**WORK ITEM:**
Repeat nothing but the lines below running from the one containing "Industrial grade grey" to the one containing "Chihuahua, Chih .- La". Keep both end lines.

**ENTRIES SUPPLIED:**
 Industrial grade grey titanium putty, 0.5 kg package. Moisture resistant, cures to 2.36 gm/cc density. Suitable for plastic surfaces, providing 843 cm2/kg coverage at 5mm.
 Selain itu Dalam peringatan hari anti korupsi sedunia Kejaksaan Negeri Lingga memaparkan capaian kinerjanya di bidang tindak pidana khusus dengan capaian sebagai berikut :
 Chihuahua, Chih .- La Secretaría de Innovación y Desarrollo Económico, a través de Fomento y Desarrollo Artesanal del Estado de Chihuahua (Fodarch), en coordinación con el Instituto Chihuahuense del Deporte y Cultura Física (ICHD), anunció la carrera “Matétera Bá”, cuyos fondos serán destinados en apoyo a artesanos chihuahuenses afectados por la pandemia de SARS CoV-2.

...

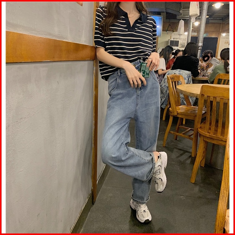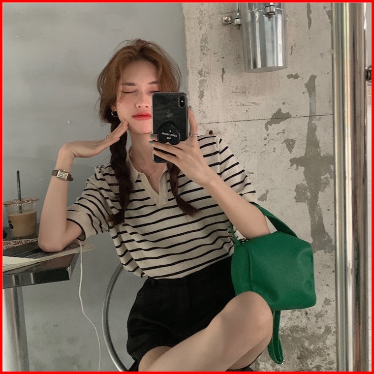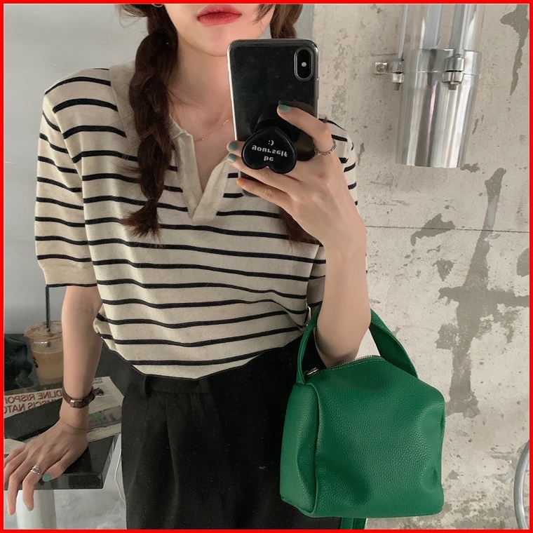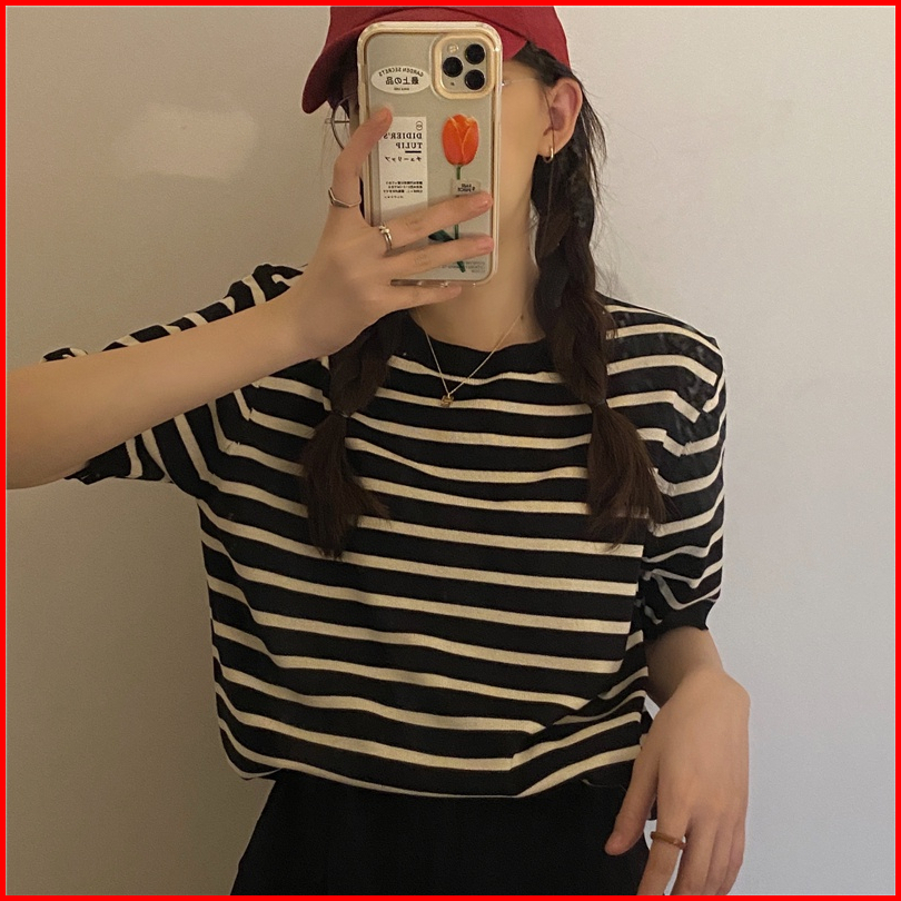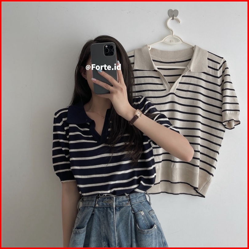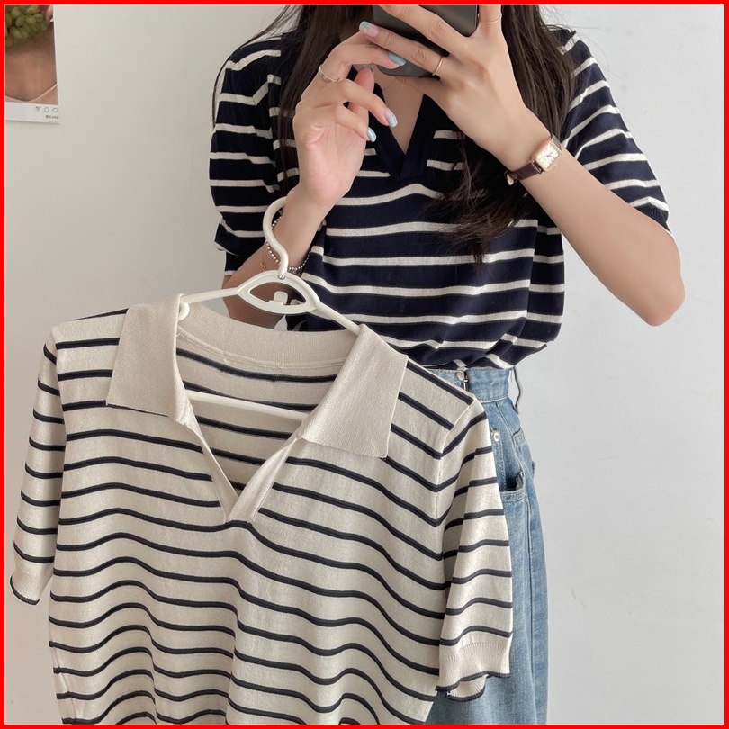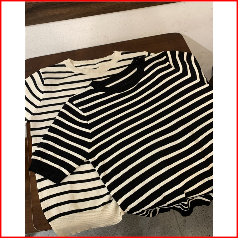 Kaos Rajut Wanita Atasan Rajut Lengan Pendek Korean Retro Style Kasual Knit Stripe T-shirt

**WRITTEN SOLUTION:**
 Industrial grade grey titanium putty, 0.5 kg package. Moisture resistant, cures to 2.36 gm/cc density. Suitable for plastic surfaces, providing 843 cm2/kg coverage at 5mm.
 Selain itu Dalam peringatan hari anti korupsi sedunia Kejaksaan Negeri Lingga memaparkan capaian kinerjanya di bidang tindak pidana khusus dengan capaian sebagai berikut :
 Chihuahua, Chih .- La Secretaría de Innovación y Desarrollo Económico, a través de Fomento y Desarrollo Artesanal del Estado de Chihuahua (Fodarch), en coordinación con el Instituto Chihuahuense del Deporte y Cultura Física (ICHD), anunció la carrera “Matétera Bá”, cuyos fondos serán destinados en apoyo a artesanos chihuahuenses afectados por la pandemia de SARS CoV-2.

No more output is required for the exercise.